[Records excerpted from a collection]
• • • • •
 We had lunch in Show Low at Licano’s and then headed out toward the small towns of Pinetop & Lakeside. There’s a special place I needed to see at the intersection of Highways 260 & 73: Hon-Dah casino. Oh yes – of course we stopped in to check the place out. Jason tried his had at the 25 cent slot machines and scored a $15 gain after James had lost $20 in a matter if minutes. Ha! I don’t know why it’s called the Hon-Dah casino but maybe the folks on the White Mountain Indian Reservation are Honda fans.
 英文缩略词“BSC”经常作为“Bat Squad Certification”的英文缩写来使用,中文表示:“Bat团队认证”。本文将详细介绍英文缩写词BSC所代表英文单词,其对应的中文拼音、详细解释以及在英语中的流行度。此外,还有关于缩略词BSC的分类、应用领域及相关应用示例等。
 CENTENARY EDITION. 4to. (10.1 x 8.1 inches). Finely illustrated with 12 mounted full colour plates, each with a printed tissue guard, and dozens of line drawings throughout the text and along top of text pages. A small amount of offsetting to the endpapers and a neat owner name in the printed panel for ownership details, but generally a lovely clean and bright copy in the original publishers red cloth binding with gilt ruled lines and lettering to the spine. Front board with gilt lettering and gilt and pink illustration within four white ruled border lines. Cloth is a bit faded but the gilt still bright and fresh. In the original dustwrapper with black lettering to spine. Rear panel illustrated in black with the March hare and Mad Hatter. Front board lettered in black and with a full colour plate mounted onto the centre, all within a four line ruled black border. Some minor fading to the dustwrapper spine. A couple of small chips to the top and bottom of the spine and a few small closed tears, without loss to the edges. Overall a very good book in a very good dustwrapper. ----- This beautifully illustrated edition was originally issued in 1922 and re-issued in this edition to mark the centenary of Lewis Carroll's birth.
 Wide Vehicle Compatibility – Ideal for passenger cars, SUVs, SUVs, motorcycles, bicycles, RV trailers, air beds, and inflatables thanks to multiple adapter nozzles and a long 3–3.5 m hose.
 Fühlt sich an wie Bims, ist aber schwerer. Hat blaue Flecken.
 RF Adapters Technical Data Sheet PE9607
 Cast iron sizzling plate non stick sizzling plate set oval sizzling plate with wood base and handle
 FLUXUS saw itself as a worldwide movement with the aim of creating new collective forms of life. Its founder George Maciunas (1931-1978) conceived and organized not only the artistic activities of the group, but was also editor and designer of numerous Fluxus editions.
• • • • •
Your objective: Go through the records above and set each one down exactly, please.

Result for this task:
 We had lunch in Show Low at Licano’s and then headed out toward the small towns of Pinetop & Lakeside. There’s a special place I needed to see at the intersection of Highways 260 & 73: Hon-Dah casino. Oh yes – of course we stopped in to check the place out. Jason tried his had at the 25 cent slot machines and scored a $15 gain after James had lost $20 in a matter if minutes. Ha! I don’t know why it’s called the Hon-Dah casino but maybe the folks on the White Mountain Indian Reservation are Honda fans.
 英文缩略词“BSC”经常作为“Bat Squad Certification”的英文缩写来使用,中文表示:“Bat团队认证”。本文将详细介绍英文缩写词BSC所代表英文单词,其对应的中文拼音、详细解释以及在英语中的流行度。此外,还有关于缩略词BSC的分类、应用领域及相关应用示例等。
 CENTENARY EDITION. 4to. (10.1 x 8.1 inches). Finely illustrated with 12 mounted full colour plates, each with a printed tissue guard, and dozens of line drawings throughout the text and along top of text pages. A small amount of offsetting to the endpapers and a neat owner name in the printed panel for ownership details, but generally a lovely clean and bright copy in the original publishers red cloth binding with gilt ruled lines and lettering to the spine. Front board with gilt lettering and gilt and pink illustration within four white ruled border lines. Cloth is a bit faded but the gilt still bright and fresh. In the original dustwrapper with black lettering to spine. Rear panel illustrated in black with the March hare and Mad Hatter. Front board lettered in black and with a full colour plate mounted onto the centre, all within a four line ruled black border. Some minor fading to the dustwrapper spine. A couple of small chips to the top and bottom of the spine and a few small closed tears, without loss to the edges. Overall a very good book in a very good dustwrapper. ----- This beautifully illustrated edition was originally issued in 1922 and re-issued in this edition to mark the centenary of Lewis Carroll's birth.
 Wide Vehicle Compatibility – Ideal for passenger cars, SUVs, SUVs, motorcycles, bicycles, RV trailers, air beds, and inflatables thanks to multiple adapter nozzles and a long 3–3.5 m hose.
 Fühlt sich an wie Bims, ist aber schwerer. Hat blaue Flecken.
 RF Adapters Technical Data Sheet PE9607
 Cast iron sizzling plate non stick sizzling plate set oval sizzling plate with wood base and handle
 FLUXUS saw itself as a worldwide movement with the aim of creating new collective forms of life. Its founder George Maciunas (1931-1978) conceived and organized not only the artistic activities of the group, but was also editor and designer of numerous Fluxus editions.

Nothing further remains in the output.